In some circumstances, in-person provocations are more dangerous than those that occur via social media. The former can turn an unruly but mostly peaceful crowd into a mob, which is arguably what happened last week. Yes, there were agitators who went looking for a fight, but without Trump's incitement there may not have been enough of them to overwhelm the police. In that context, the imminence of the threat exacerbated the content.

But in other contexts and in other ways, online agitation can be worse, making imminence an exacerbating circumstance but hardly a necessary condition for speech to be unprotected. Permanence, no less than imminence, can make threats much more dangerous. Trump's tweets, before they were taken down, are quite obviously relevant to whether he was intentionally inciting violence and whether they were related to the violence that actually happened. Their permanence (he could just host a website, direct his followers there, and he wouldn't need Twitter) makes a constitutional difference.

Imminence in some cases will be relevant to the line between protected speech and incitement, but it should not be what it is today, a pre-requisite for a judge to find incitement. The law needs to catch up to that internet reality.


hardreaders said...

Sort of apropos to this, How Appealing has coverage of an interesting 1A decision out of CA9.

Greg said...

I'm not sure I understand how much the internet changes this, for 2 reasons.

1.) Are you saying that David could open a full-page ad in the New York Times on January 1st saying "The Election was stolen!

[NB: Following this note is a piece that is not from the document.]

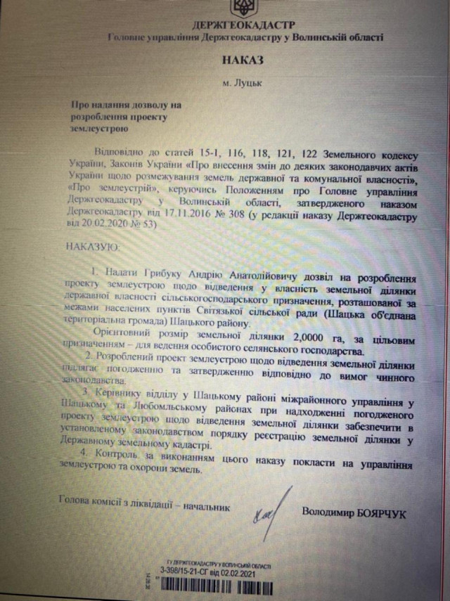 Зауважимо, що нещодавно Держгеокадастр відзвітувався міністру АПК Роману Лещенку про те, що указ Президента «Про передачу землі громадам» виконано на відмінно, та земля тепер належить громаді. Проте, як бачимо, керівництво волинських земельників і далі розпоряджається землями громади. Тобто, схоже на те, що продовжує свої схеми в обхід позиціі Уряду та продовжує дерибан особливо цінних земель Шацького району.

Let's all try to kill Joe Biden before our country goes to rot. He's giving a speech December 17th in D.C. Let's go, and shoot him dead."

2.) If the answer to the above is yes, what about paying in advance for a full-page ad that would run every week for a year saying the same thing?

Isn't posting a web page equivalent to the weekly full-page ad?

Eric Segall said...

He can’t do 1 or 2 in my world.

Solomon Goldman said...

I think that you’re downplaying the role of the “likelihood” of producing violence. For example, in your fourth hypothetical (kill as many Democrats as possible v. kill Pelosi and Schumer), the different result would not be based on the imminence of the violence, but rather on how likely violence would be when there’s a named target.
Just as with imminence, likelihood needs to be based on context, and I agree with your main point that the medium of the internet is an important part of that context. Here are a few suggestions about other contextual questions to ask for both likelihood and imminence:
1) Are the words addressed to a particular person?
2) Is there a victim/target of the words?
3) If there is a victim/target, is it a specific victim/target, or a general target.
4) Is there a timetable for the proposed action?
5) Is there a specific method for carrying out the proposed action?

Greg said...

Prof. Segall, I'm asking if either of those scenarios would fail the current imminence rule as it stands today.

I wonder if it could be successfully argued that any clearly identified date meets the imminence requirement, no matter how far in the future, because the real purpose of the imminence requirement is about being in the near enough future to be an identifiable time rather than a hypothetical, not about being within some arbitrary time limit.